2) Does it converge?
3) What is the best choice of step sizes?
Consistency
- For the explicit method above, the local truncation error is
$$ T(x,t) = O(\triangle x^2 + \triangle t) $$
- Taylor series expansion can verify this (or one can simply read this off of the Toolkit Table).
- So the explicit method above is consistent of order 1 in time and order 2 in spatial variable.

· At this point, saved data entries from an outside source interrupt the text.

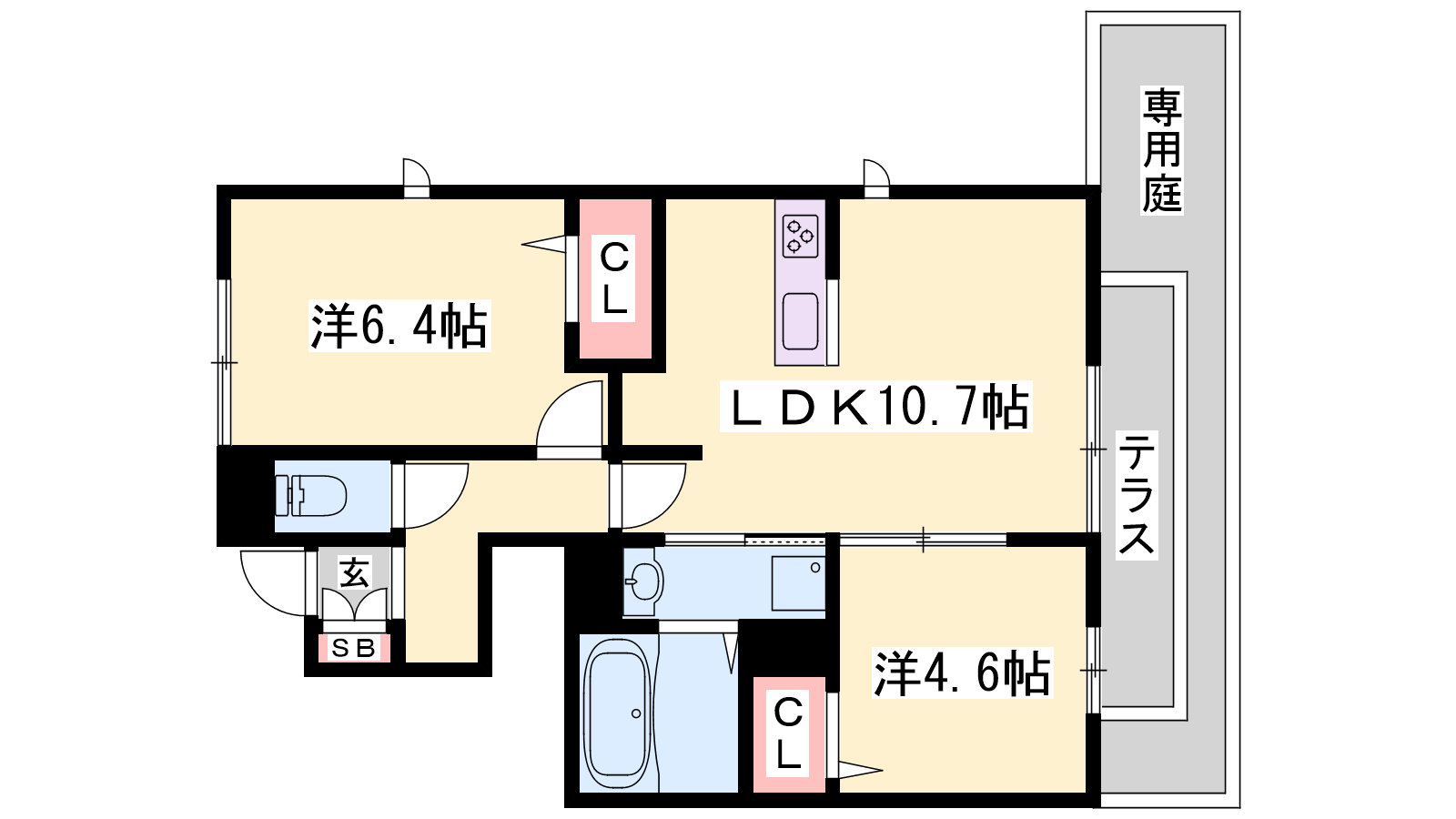 - LDK10.7帖、洋室6.4帖、洋室4.6帖
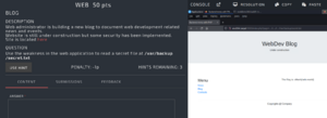 The webpage uses the same solution as before, i.e. it retrieves the content of the webpage from the file. However, when I tried the previous task of moving from one ../ folder to another, a "security" was created for that page which disables that command.
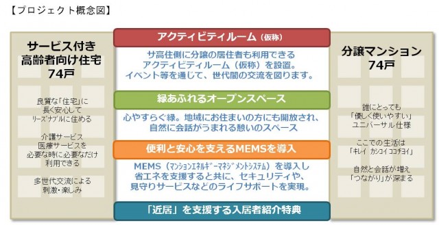 さらに、分譲マンション居住者が高齢になった際の健康相談や日常生活相談をサ高住で受けられるサービス、親世帯をサ高住に呼び寄せる際の入居者紹介特典などを予定している。

Fourier (Von Neumann) Stability Analysis
- The Fourier method of analyzing the stability of FDM boils down to substitute $u_{j,k}$ with
$$ \epsilon_{j,k} = e^{a t_k}e^{il_mx_j} $$
- The logic behind this: assuming $v_{j,k}$ is the solution of the FDM that did not suffer from finite precision arithmetic and is without the round off error, then the error
$$ \epsilon_{j,k} = v_{j,k} - u_{j,k} $$
$\hspace{0.2in}$ again satifies the FDM due to linearity.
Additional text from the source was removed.